Exercise instructions:
Find the line containing "Dispone de sistema" in the records below. Copy exactly that line and each one after it, ending at the line containing "2 € Rabatt beim", and nothing more.

START Records for the task

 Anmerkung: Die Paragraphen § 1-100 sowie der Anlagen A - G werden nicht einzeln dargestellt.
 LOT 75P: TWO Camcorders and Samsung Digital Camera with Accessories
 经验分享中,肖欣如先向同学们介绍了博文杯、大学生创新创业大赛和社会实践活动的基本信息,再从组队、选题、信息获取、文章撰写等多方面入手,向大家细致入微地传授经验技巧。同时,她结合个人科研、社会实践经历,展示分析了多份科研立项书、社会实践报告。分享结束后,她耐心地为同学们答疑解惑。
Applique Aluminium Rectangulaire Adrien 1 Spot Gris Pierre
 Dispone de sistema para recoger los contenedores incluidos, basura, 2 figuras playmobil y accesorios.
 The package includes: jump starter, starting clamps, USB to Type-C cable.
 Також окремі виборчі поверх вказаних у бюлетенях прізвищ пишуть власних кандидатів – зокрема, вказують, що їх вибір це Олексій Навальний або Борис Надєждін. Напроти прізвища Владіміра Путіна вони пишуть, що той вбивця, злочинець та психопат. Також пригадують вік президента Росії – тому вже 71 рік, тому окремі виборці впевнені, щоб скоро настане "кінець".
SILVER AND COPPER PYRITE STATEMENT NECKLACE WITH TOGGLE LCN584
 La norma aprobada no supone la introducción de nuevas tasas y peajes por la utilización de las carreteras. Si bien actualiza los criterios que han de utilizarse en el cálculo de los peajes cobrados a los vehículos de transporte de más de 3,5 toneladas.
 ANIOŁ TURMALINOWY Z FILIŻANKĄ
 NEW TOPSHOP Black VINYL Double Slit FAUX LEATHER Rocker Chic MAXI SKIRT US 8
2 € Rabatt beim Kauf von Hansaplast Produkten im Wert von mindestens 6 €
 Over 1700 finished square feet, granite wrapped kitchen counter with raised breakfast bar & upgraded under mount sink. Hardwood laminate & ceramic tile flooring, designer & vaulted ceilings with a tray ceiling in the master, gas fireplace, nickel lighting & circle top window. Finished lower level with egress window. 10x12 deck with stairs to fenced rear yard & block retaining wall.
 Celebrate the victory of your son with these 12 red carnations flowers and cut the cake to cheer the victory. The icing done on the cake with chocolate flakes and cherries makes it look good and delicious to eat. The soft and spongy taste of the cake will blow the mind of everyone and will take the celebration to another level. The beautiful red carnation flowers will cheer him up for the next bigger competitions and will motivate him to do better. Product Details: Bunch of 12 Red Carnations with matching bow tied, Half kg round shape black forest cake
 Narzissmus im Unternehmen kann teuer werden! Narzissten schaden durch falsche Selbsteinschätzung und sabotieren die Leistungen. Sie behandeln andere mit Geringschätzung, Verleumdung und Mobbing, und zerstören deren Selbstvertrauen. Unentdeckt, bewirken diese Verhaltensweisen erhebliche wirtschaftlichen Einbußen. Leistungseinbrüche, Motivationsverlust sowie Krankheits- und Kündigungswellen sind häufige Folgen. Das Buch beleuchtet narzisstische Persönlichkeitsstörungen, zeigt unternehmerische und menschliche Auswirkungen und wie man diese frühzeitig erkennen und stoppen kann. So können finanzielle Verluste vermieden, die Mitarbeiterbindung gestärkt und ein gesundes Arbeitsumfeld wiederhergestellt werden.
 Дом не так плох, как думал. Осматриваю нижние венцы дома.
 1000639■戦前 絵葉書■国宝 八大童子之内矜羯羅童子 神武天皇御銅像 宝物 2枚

END Records for the task

Your response:
 Dispone de sistema para recoger los contenedores incluidos, basura, 2 figuras playmobil y accesorios.
 The package includes: jump starter, starting clamps, USB to Type-C cable.
 Також окремі виборчі поверх вказаних у бюлетенях прізвищ пишуть власних кандидатів – зокрема, вказують, що їх вибір це Олексій Навальний або Борис Надєждін. Напроти прізвища Владіміра Путіна вони пишуть, що той вбивця, злочинець та психопат. Також пригадують вік президента Росії – тому вже 71 рік, тому окремі виборці впевнені, щоб скоро настане "кінець".
SILVER AND COPPER PYRITE STATEMENT NECKLACE WITH TOGGLE LCN584
 La norma aprobada no supone la introducción de nuevas tasas y peajes por la utilización de las carreteras. Si bien actualiza los criterios que han de utilizarse en el cálculo de los peajes cobrados a los vehículos de transporte de más de 3,5 toneladas.
 ANIOŁ TURMALINOWY Z FILIŻANKĄ
 NEW TOPSHOP Black VINYL Double Slit FAUX LEATHER Rocker Chic MAXI SKIRT US 8
2 € Rabatt beim Kauf von Hansaplast Produkten im Wert von mindestens 6 €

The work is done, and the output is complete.